We didn’t arrive at the hostel until around 5.30pm due to the time difference and by the time we walked around the town just about everything was shut. It was dead. We headed to the supermarket for some provisions for dinner and for our drive to Ayers Rock tomorrow before lazing around at the hostel and taking in their nightly movie, tonight being, fittingly I suppose, “Australia”. Elizabeth and I had both seen it before and didn’t think a huge amount of it but there was little else to do in this sleepy town especially with an early start tomorrow.

January 16, 2010

We had been told the drive to Ayers Rock was around 7 hours and thought we’d best get a decent, early start. Given the one and a half hour time difference between Alice Springs and Perth, I had trouble getting to sleep which combined with the hot dorm room we were in meant I hardly slept all night so when the alarm went off early I was all ready for it! We headed off to the car rental place around 8am and were packed and ready to go by 8.15am. The road out of Alice was just one long highway and it was only a couple of hours before we’d gobbled up the 200km heading south and were ready to turn off towards Ayers Rock. The second section, around 250km, was equally easy and the roadside became pretty bland and repetitive after a while, making it a challenge just to stay awake. We were hoping to see some wildlife as we drove but apart from one lizard I had to swerve to avoid and another on its hind legs, standing tall, the only thing we saw were carcasses of dead kangaroos and even a camel. We made the journey in just over 4 hours which meant that the lunch we’d bought to eat on the road could be eaten in the more comfortable surroundings of our room.

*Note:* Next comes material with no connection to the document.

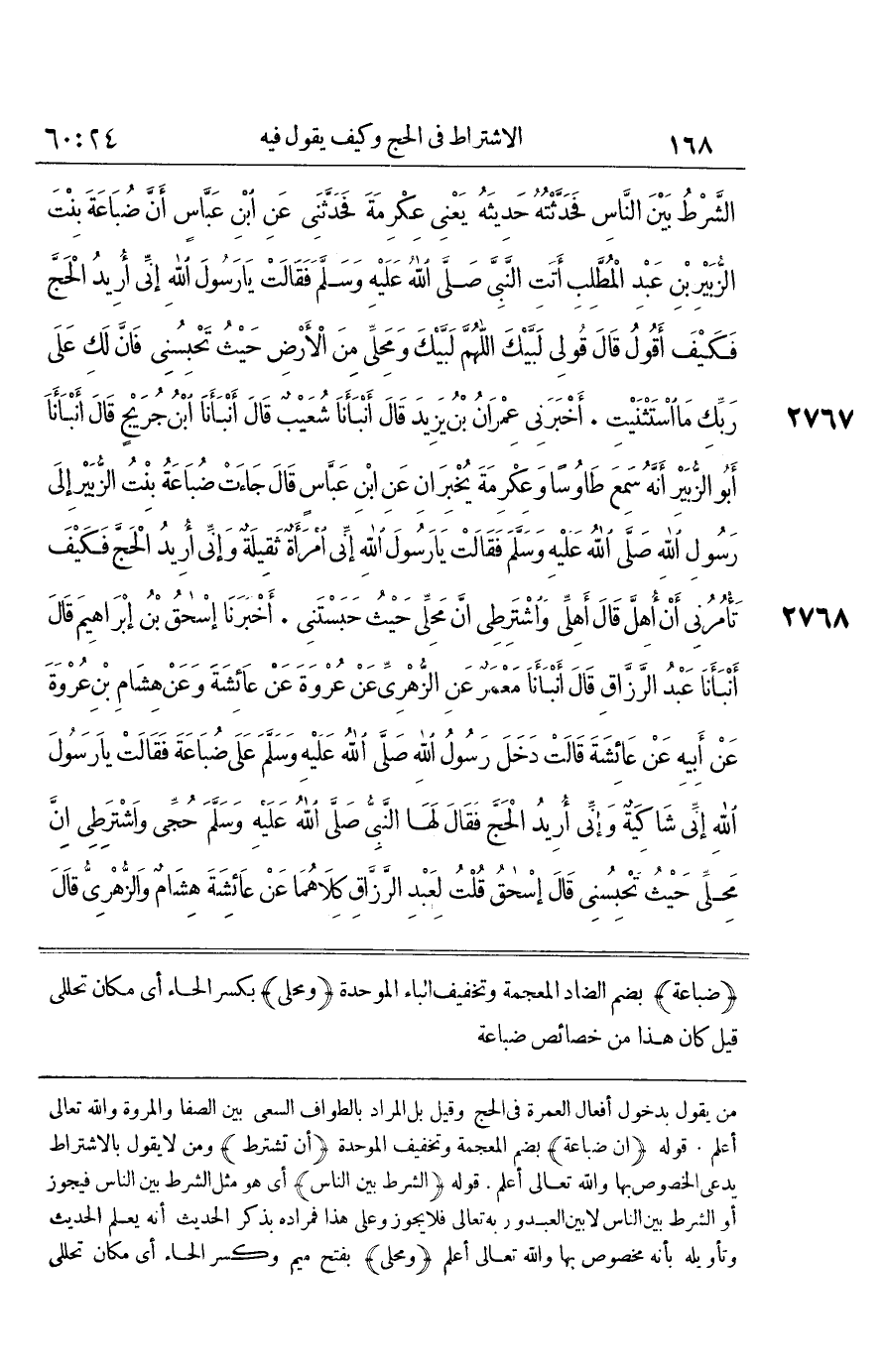 [2767] ضُبَاعَةَ بِضَمِّ الضَّادِ الْمُعْجَمَةِ وَتَخْفِيفِ الْبَاءِ الْمُوَحَّدَةِ وَمَحِلِّي بِكَسْرِ الْحَاءِ أَيْ مَكَانَ تَحَلُّلِي قِيلَ كَانَ هَذَا من خَصَائِص ضباعة

Having had a wander around our hotel, driving to the supermarket on resort for some more food and drink and lazed around, we tried to decide whether to drive to the rock tonight to see sunset. Ultimately, we decided we couldn’t be bothered tonight so instead took the chance to view sunset from the viewing point at our hotel, which was impressive enough.

For dinner, we used one of the bars at the hotel and got a couple of wraps. Mine was a kangaroo wrap and was very tasty, especially with a nice cold beer that I reckon I deserved after my long day driving!

We decided to head to Uluru for sunrise tomorrow which happened to be at 6.09am with most of the tour buses leaving the resort here around 4.45am. We thought this would be a good time for us to go, too, so with the alarm set for 4.15am we soon decided to get some sleep.

January 17, 2010

The alarm going off seemingly in the middle of the night, we both clambered out of bed and got ready to go, grabbing some water and some cereal bars as we left the room. It was still very dark outside but it was just a short 4km drive to the park entrance. After waiting about 10 or 15 minutes for the park to open, we bought our tickets and drove in, not really knowing where to go. I stopped at one viewing point and it was dead but I noticed a lot of traffic going past on the main road so decided to follow them.

We eventually ended up at a viewing point a little away from the rock itself but with the sun rising behind us, the area gave us some great views of the rock changing colour as the sky lightened. Uluru looked great in the early morning light and actually appeared to get bigger as the rays of the sun hit the surface facing us. I thought the view was amazing but I sensed Elizabeth didn’t share my feelings and she seemed a bit underwhelmed by the whole thing the entire day.

From there we headed to The Olgas, deciding to have a walk around those first before heading back to Uluru to walk around some of it. We stopped at a couple of places around the Olgas and got some great views, the rock landscape here being broken up much more than that seen at Uluru where the scenery is just punctuated by one huge rock. Here, there were rock domes everywhere and the size of them was every bit as striking as Uluru had been this morning at first light.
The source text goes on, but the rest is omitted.